Task goal: Every line from the one with "돌아보면, 지금까지 제가" through the end of the entries below must be retyped exactly, and only those lines. The pictures are not part of the copy.
##### Material to process #####
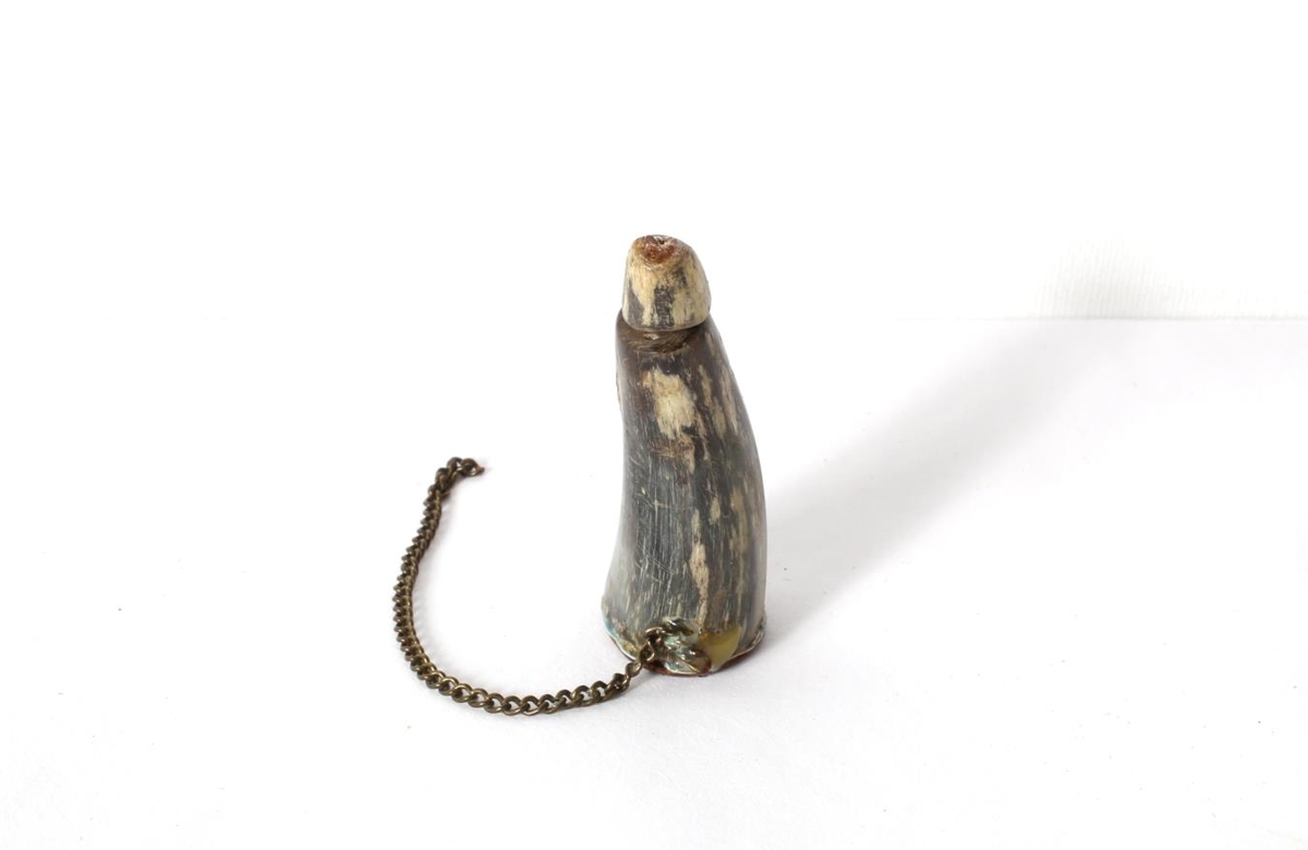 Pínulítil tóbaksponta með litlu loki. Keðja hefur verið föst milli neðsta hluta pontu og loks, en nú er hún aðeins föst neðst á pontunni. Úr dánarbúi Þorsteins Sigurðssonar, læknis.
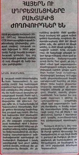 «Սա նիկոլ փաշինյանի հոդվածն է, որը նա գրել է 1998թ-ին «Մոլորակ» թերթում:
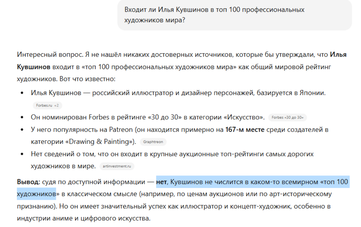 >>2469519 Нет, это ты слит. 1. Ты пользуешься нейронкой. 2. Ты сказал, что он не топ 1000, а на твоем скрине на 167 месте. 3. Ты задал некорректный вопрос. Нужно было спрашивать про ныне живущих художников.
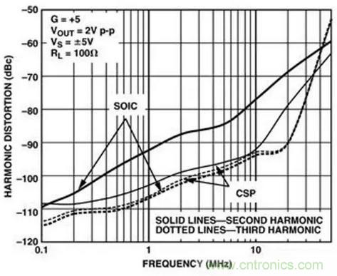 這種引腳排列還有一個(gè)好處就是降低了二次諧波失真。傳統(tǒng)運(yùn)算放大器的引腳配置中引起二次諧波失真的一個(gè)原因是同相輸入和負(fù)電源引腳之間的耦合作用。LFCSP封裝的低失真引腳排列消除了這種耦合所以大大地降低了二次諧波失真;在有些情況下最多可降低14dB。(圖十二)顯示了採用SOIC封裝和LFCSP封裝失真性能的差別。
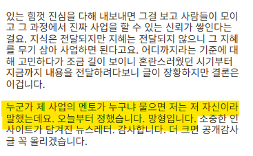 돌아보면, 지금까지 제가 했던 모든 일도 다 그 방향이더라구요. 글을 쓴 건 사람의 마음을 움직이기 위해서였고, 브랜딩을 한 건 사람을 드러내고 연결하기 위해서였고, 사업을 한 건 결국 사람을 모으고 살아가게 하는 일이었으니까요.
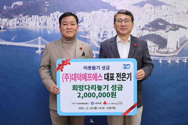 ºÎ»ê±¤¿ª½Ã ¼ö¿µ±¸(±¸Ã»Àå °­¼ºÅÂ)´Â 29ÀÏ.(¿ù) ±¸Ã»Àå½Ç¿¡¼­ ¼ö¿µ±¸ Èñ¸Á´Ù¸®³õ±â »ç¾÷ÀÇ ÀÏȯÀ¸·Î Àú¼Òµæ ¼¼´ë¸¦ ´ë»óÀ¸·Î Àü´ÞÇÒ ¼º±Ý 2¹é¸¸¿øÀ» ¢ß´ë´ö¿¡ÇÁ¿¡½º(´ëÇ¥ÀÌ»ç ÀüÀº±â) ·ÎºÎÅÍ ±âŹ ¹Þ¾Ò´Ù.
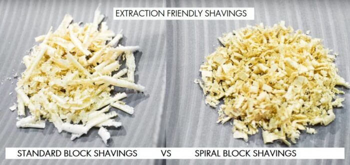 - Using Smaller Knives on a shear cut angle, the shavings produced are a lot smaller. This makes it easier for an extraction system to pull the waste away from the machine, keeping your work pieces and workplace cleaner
#####
Response to this task:
 돌아보면, 지금까지 제가 했던 모든 일도 다 그 방향이더라구요. 글을 쓴 건 사람의 마음을 움직이기 위해서였고, 브랜딩을 한 건 사람을 드러내고 연결하기 위해서였고, 사업을 한 건 결국 사람을 모으고 살아가게 하는 일이었으니까요.
 ºÎ»ê±¤¿ª½Ã ¼ö¿µ±¸(±¸Ã»Àå °­¼ºÅÂ)´Â 29ÀÏ.(¿ù) ±¸Ã»Àå½Ç¿¡¼­ ¼ö¿µ±¸ Èñ¸Á´Ù¸®³õ±â »ç¾÷ÀÇ ÀÏȯÀ¸·Î Àú¼Òµæ ¼¼´ë¸¦ ´ë»óÀ¸·Î Àü´ÞÇÒ ¼º±Ý 2¹é¸¸¿øÀ» ¢ß´ë´ö¿¡ÇÁ¿¡½º(´ëÇ¥ÀÌ»ç ÀüÀº±â) ·ÎºÎÅÍ ±âŹ ¹Þ¾Ò´Ù.
 - Using Smaller Knives on a shear cut angle, the shavings produced are a lot smaller. This makes it easier for an extraction system to pull the waste away from the machine, keeping your work pieces and workplace cleaner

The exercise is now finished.